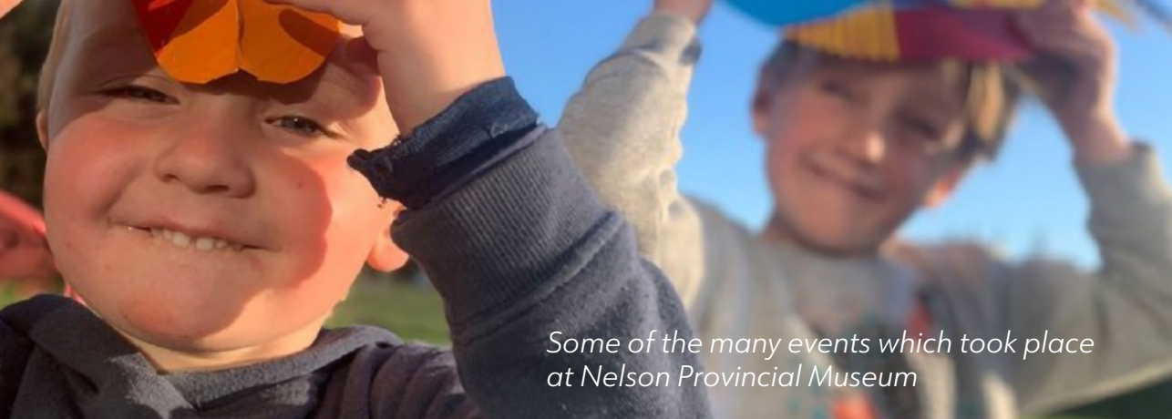
Some of the many events which took place at Nelson Provincial Museum
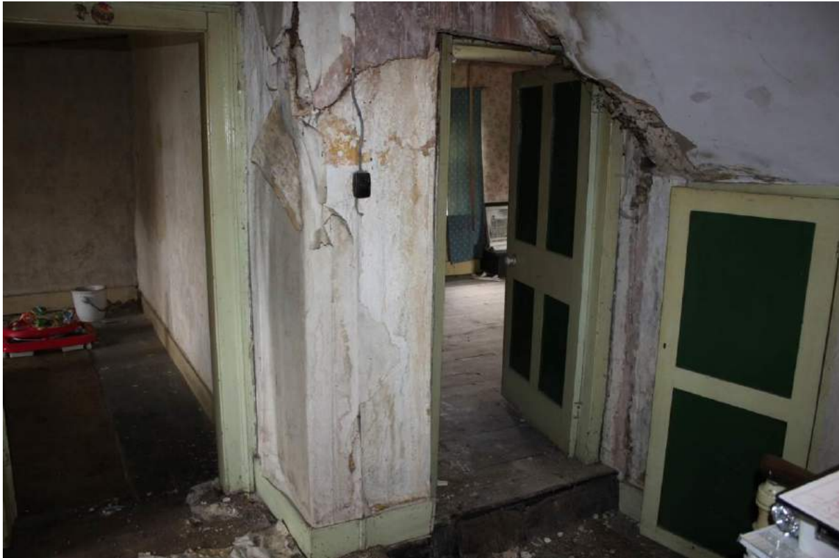
Plate 46: F1, looking west towards F3 and F2; note line of outshut roof with vertical crack beneath, left of the cupboard door
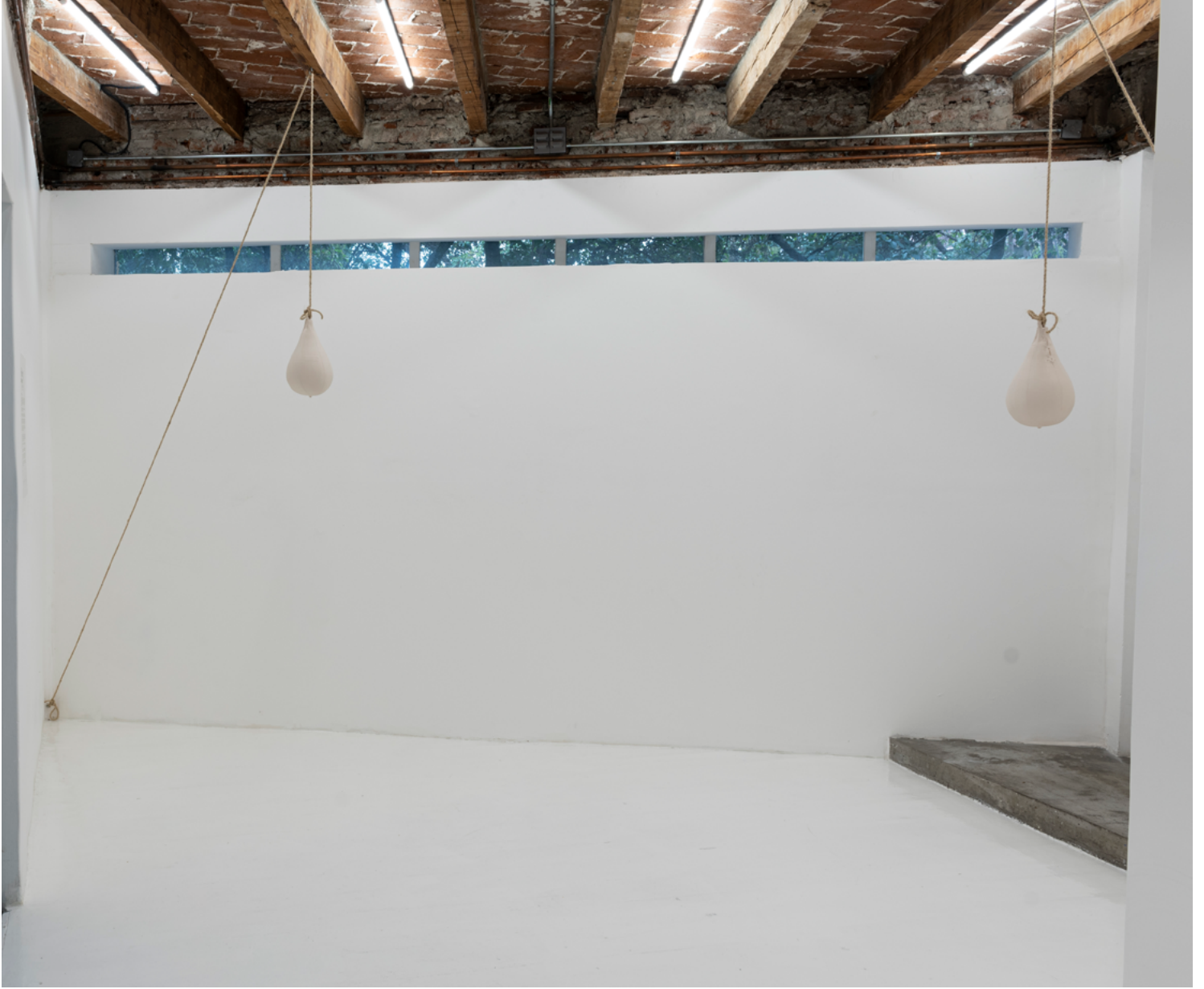
View from the exhibition
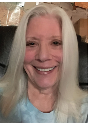
What if the 'new normal' means we'll ALWAYS have to wear a mask? I miss seeing people smile.

shows that I'm hanging in there. 'Where there's life, there's hope,' and I'm alive; the animals are alive; I still see my hummingbird. She's alive. People I love and care about. They're alive. So, for the most part, I'm still happy, plus, I pray a lot, which gives me comfort.
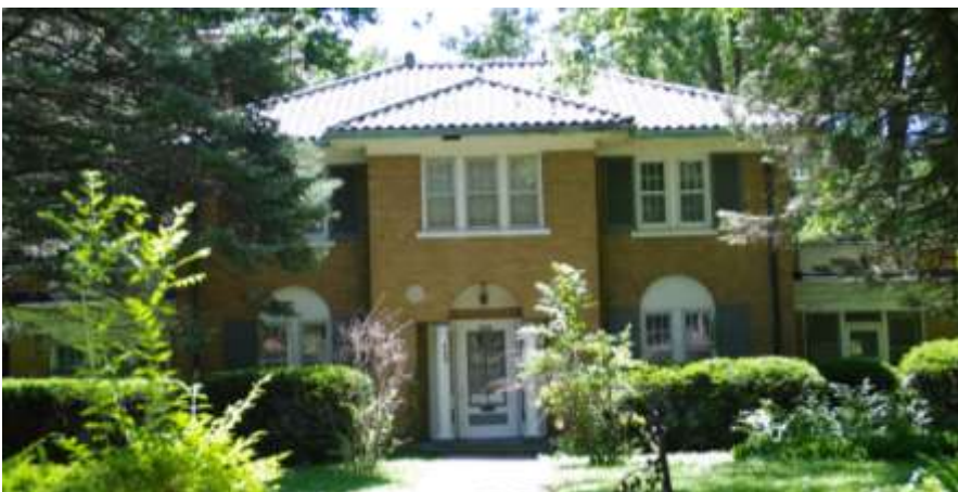
▲ 309 W. Michigan Avenue Built in 1925 in the Mediterranean architectural style
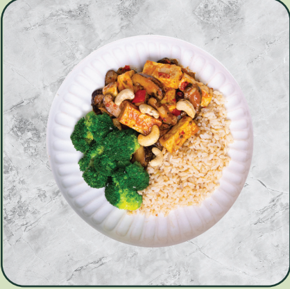
Yakiniku Stir Fried Tofu with Brown Rice, Broccoli and Red Chilli (470g) $13.00 - 516cal
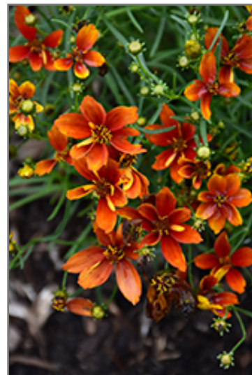
Sizzle And Spice Crazy Cayenne Tickseed flowers

Sizzle And Spice Crazy Cayenne Tickseed is recommended for the following landscape applications;
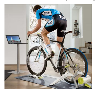
Fig. 3. Tacx Virtual Reality Cycling

Finally, the closest to our proposal is Gamerunner [28]. It was an attempt to exhaust the player using a treadmill as a controller which was made available in February 2011. It was yet another way to blend exercise and gaming. As seen in the Figure 4, it was mounted by a joystick to control moving directions and other gamming tools. The Gamerunner is a person-powered treadmill that features 17 buttons and a handlebar that can be turned for looking or moving.
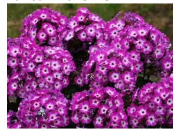
Full sun Zone 4-8
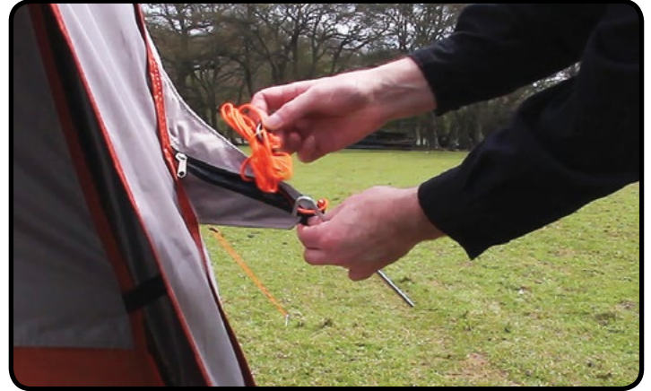
11. Place awning end down with poles facing up.

Peg out the remaining elasticated pegging hoops.
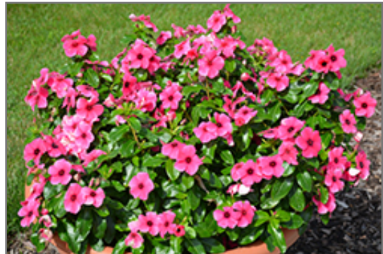
Tattoo Raspberry Vinca in bloom
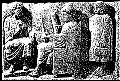
Cover photograph: school scene from a funerary pillar, c.180 B.C., from Gallia Belgica.
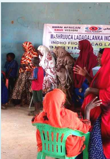
Burtinle July 2016
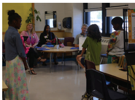
Student Lighthouse Presentations
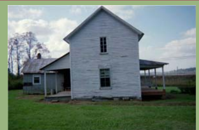
Back porch before restoration
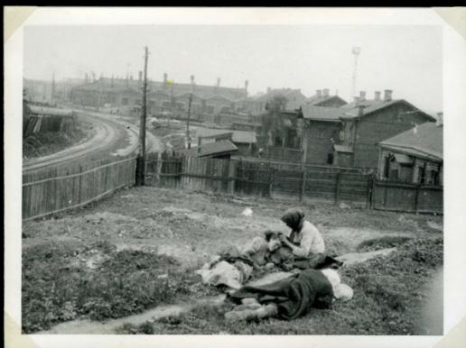
Kharkiv, Ukraine, 1932-33
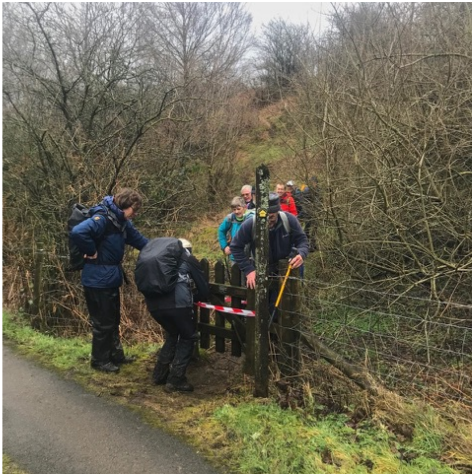
No barriers to Oreads.

The next section had us meander through the valley of Warslow Brook towards Upper Elkstone, this was so enjoyable that I led the group over parts of it twice. Following a food stop Mr Firth found yet another crossing of the brook for me, whereupon we wisely grouped upon a snapped bridge, the far side of which was gated and dressed with barrier tape to prevent use of the structure that we’d just crossed.
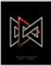
EP. TWO The Eastern Library
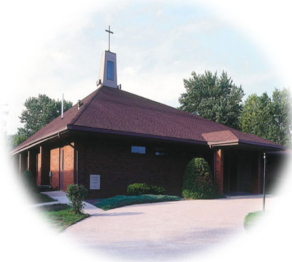
St. Mary Farmersville

310 Noble Street Farmersville, Illinois 62533 217-227-3349
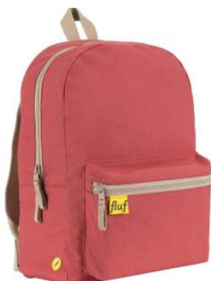
BRICK RED BP-RED-03
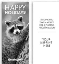
Raccoon - RCARVE.9C014
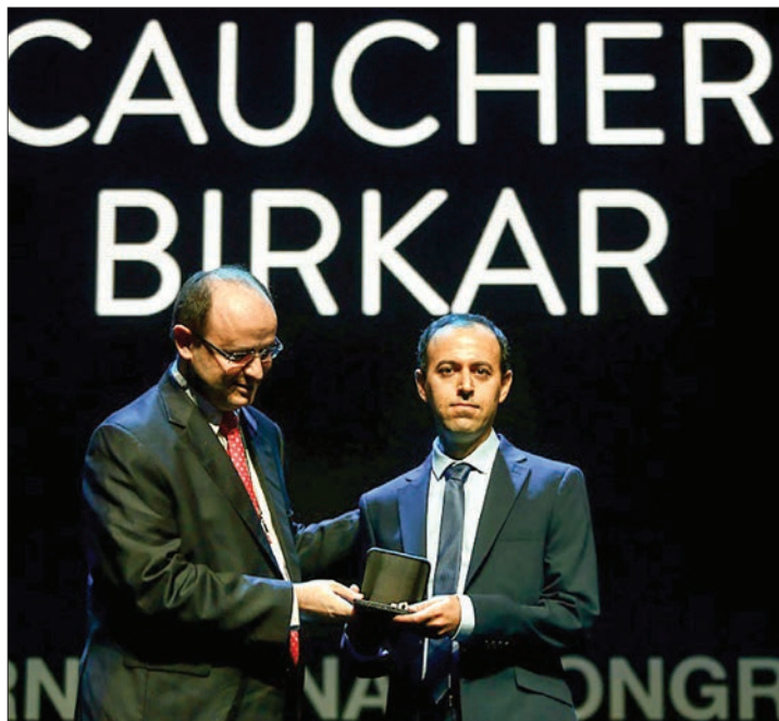
Kurdish mathematician Caucher Birkar will get a replacement for his stolen Fields Medal.

RIO DE JANEIRO, BRAZIL—A Kurdish refugee whose top mathematics prize was stolen minutes after he received
☆ ☆ ☆ ☆
• _What is expected_
Print all the records again exactly; do not include any picture.

• _Answer for this exercise_
Some of the many events which took place at Nelson Provincial Museum
Plate 46: F1, looking west towards F3 and F2; note line of outshut roof with vertical crack beneath, left of the cupboard door
View from the exhibition
What if the 'new normal' means we'll ALWAYS have to wear a mask? I miss seeing people smile.

shows that I'm hanging in there. 'Where there's life, there's hope,' and I'm alive; the animals are alive; I still see my hummingbird. She's alive. People I love and care about. They're alive. So, for the most part, I'm still happy, plus, I pray a lot, which gives me comfort.
▲ 309 W. Michigan Avenue Built in 1925 in the Mediterranean architectural style
Yakiniku Stir Fried Tofu with Brown Rice, Broccoli and Red Chilli (470g) $13.00 - 516cal
Sizzle And Spice Crazy Cayenne Tickseed flowers

Sizzle And Spice Crazy Cayenne Tickseed is recommended for the following landscape applications;
Fig. 3. Tacx Virtual Reality Cycling

Finally, the closest to our proposal is Gamerunner [28]. It was an attempt to exhaust the player using a treadmill as a controller which was made available in February 2011. It was yet another way to blend exercise and gaming. As seen in the Figure 4, it was mounted by a joystick to control moving directions and other gamming tools. The Gamerunner is a person-powered treadmill that features 17 buttons and a handlebar that can be turned for looking or moving.
Full sun Zone 4-8
11. Place awning end down with poles facing up.

Peg out the remaining elasticated pegging hoops.
Tattoo Raspberry Vinca in bloom
Cover photograph: school scene from a funerary pillar, c.180 B.C., from Gallia Belgica.
Burtinle July 2016
Student Lighthouse Presentations
Back porch before restoration
Kharkiv, Ukraine, 1932-33
No barriers to Oreads.

The next section had us meander through the valley of Warslow Brook towards Upper Elkstone, this was so enjoyable that I led the group over parts of it twice. Following a food stop Mr Firth found yet another crossing of the brook for me, whereupon we wisely grouped upon a snapped bridge, the far side of which was gated and dressed with barrier tape to prevent use of the structure that we’d just crossed.
EP. TWO The Eastern Library
St. Mary Farmersville

310 Noble Street Farmersville, Illinois 62533 217-227-3349
BRICK RED BP-RED-03
Raccoon - RCARVE.9C014
Kurdish mathematician Caucher Birkar will get a replacement for his stolen Fields Medal.

RIO DE JANEIRO, BRAZIL—A Kurdish refugee whose top mathematics prize was stolen minutes after he received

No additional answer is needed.